SQuARE: Structured Query & Adaptive Retrieval Engine For Tabular Formats
Chinmay Gondhalekar, Urjitkumar Patel, Fang-Chun Yeh
TL;DR
SQuARE addresses the challenge of question answering over real spreadsheets by introducing an adaptive retrieval framework that routes queries between structure-preserving semantic chunks for complex, multi-header sheets and constrained SQL over an inferred relational view for flat tables.
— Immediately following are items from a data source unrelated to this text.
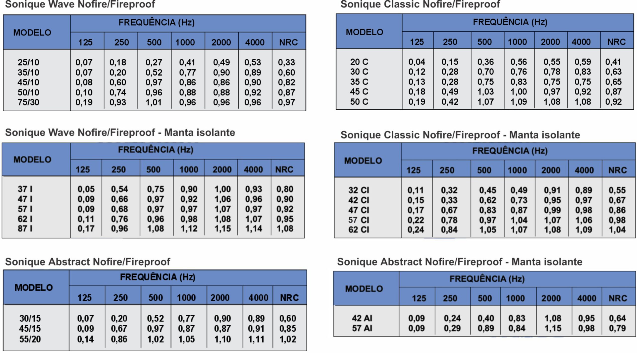 Os coeficientes de absorção da linha NoFire são os mesmos da linha convencional pois trata-se da mesma espuma com aditivos anti chama utilizados na sua confecção.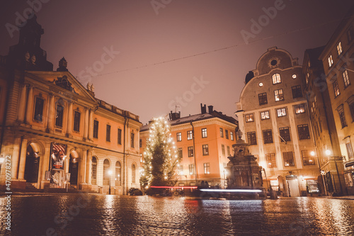 © kanzilyou, Fototapeta premium ガムラスタン旧市街の夜景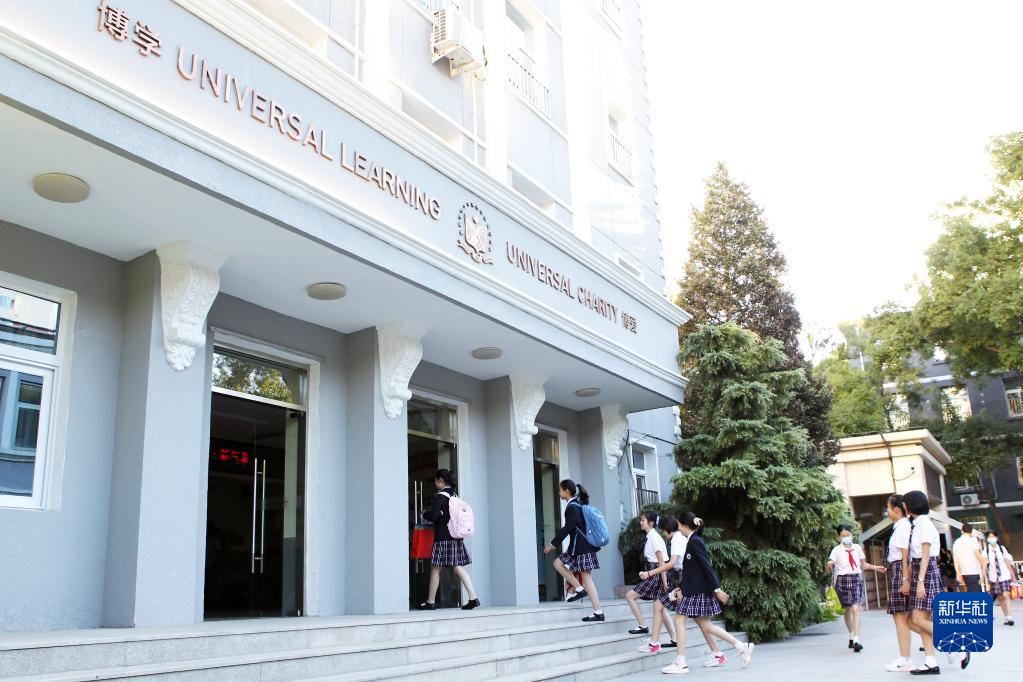 9月1日,北京師范大學(xué)實(shí)驗華夏女子中學(xué)的學(xué)生走進(jìn)教學(xué)樓。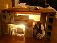 着々と作業が進んできました。今回はベット周りにモノを置くスペースが欲しいということなので、定番のブロックと板を使った簡単な棚を作りました。 |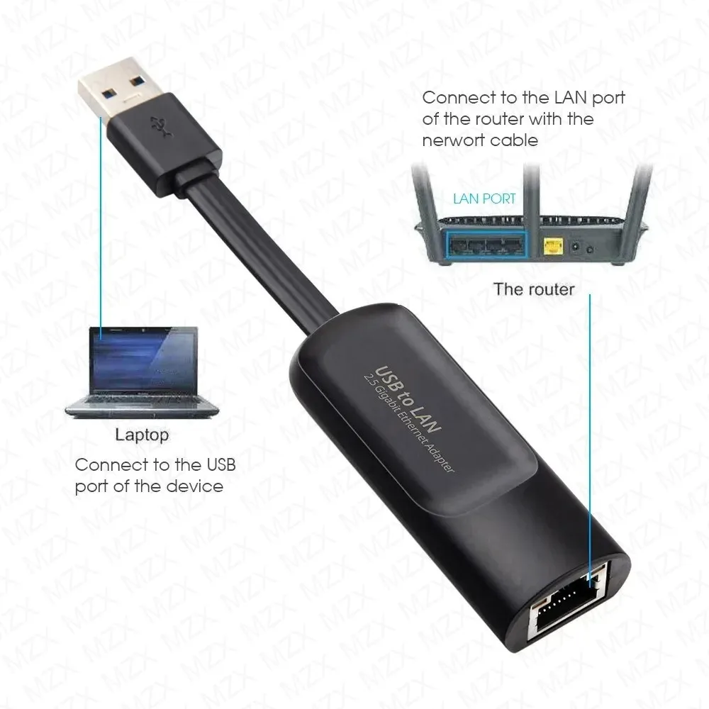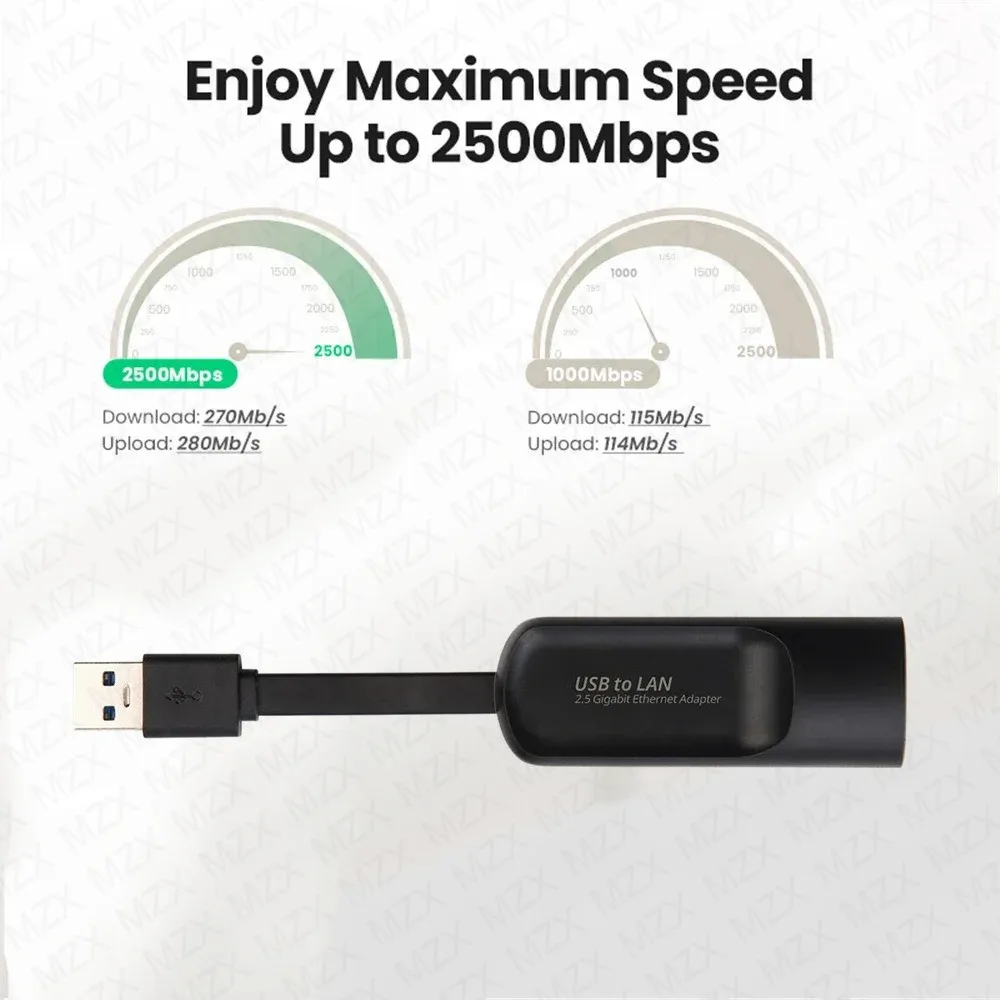 1. L’adaptateur USB vers Gigabit Ethernet prend en charge le haut débit jusqu’à 2,5 Gbit/s (2 500 Mbps), 2,5 fois plus rapide que 1 Gbit/s Gigabit Ethernet et rétrocompatible avec 10/100/1000 Mbps.

A sheet-level complexity score guides routing, while a lightweight agent enables confidence-based fallback and evidence fusion, ensuring verifiable cell/row-level provenance. Across complex balance sheets, a merged World Bank workbook, and flat tables, SQuARE outperforms static baselines and tool-free ChatGPT-4o in end-to-end accuracy and retrieval fidelity, with predictable latency on modest hardware. This work demonstrates that decoupling retrieval strategy from model choice and maintaining structural fidelity are practical, scalable steps toward robust tabular question answering and compatibility with emerging tabular foundation models.
Abstract
Accurate question answering over real spreadsheets remains difficult due to multirow headers, merged cells, and unit annotations that disrupt naive chunking, while rigid SQL views fail on files lacking consistent schemas. We present SQuARE, a hybrid retrieval framework with sheet-level, complexity-aware routing. It computes a continuous score based on header depth and merge density, then routes queries either through structure-preserving chunk retrieval or SQL over an automatically constructed relational representation. A lightweight agent supervises retrieval, refinement, or combination of results across both paths when confidence is low. This design maintains header hierarchies, time labels, and units, ensuring that returned values are faithful to the original cells and straightforward to verify. Evaluated on multi-header corporate balance sheets, a heavily merged World Bank workbook, and diverse public datasets, SQuARE consistently surpasses single-strategy baselines and ChatGPT-4o on both retrieval precision and end-to-end answer accuracy while keeping latency predictable. By decoupling retrieval from model choice, the system is compatible with emerging tabular foundation models and offers a practical bridge toward a more robust table understanding.